> Data extract
------------------------------------

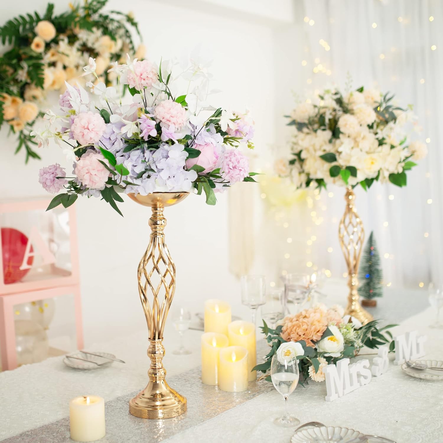 - PACKAGE INCLUDES: 2 pcs of gold wedding centerpieces. These centerpieces are 52cm/20.47" high. Their base is 14cm/5.51" wide, and the top opening diameter is 15cm/5.91".
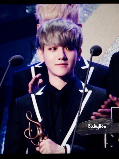 백현이 마이크 대고 얘기하는중
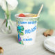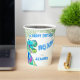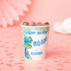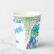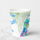 Dinosaure coloré fête d'anniversaire tasses de papier personnalisé pour tout âge. Dino T-Rex amusant avec aquarelle feuillage de jungle jurassique, avec un Happy Birthday Roar personnalisé. Les mots ‘A Happy Birthday Roar for’ avec le nom d’un enfant personnalisé. Une typographie bleue moderne et amusante, facile à personnaliser avec le modèle. OEuvre originale de l'artiste Catherine Sweetman
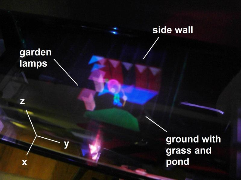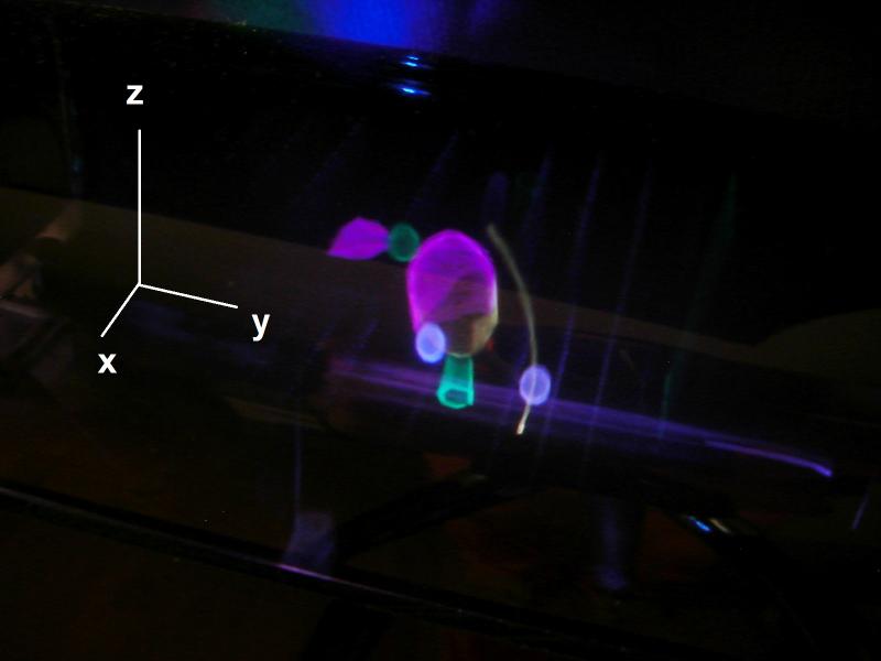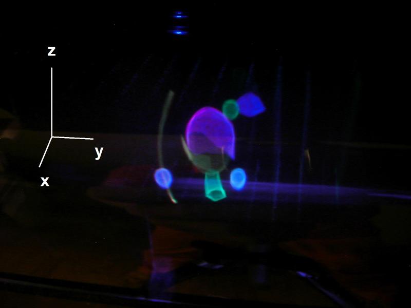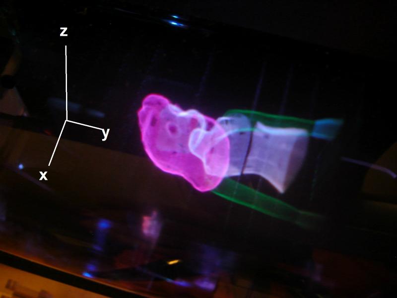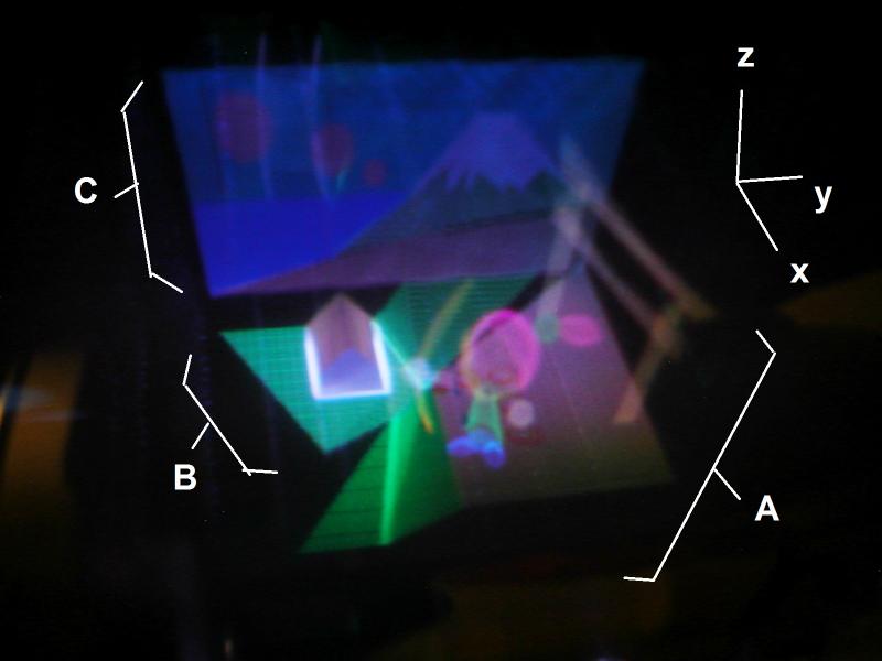Note: The surface of the moving screen is parallel to x-y plane. The 2D image plane in C is formed completely by the sweeping of a thin linear stripe area at the edge of the screen in z-direction. This shows that texture mapping can be made on planes of any orientation in the display volume.

------------------------------------

Write out exactly the lines of the material above, starting with the first and finishing with the line that contains "백현이 마이크 대고 얘기하는중", without pictures.

 - PACKAGE INCLUDES: 2 pcs of gold wedding centerpieces. These centerpieces are 52cm/20.47" high. Their base is 14cm/5.51" wide, and the top opening diameter is 15cm/5.91".
 백현이 마이크 대고 얘기하는중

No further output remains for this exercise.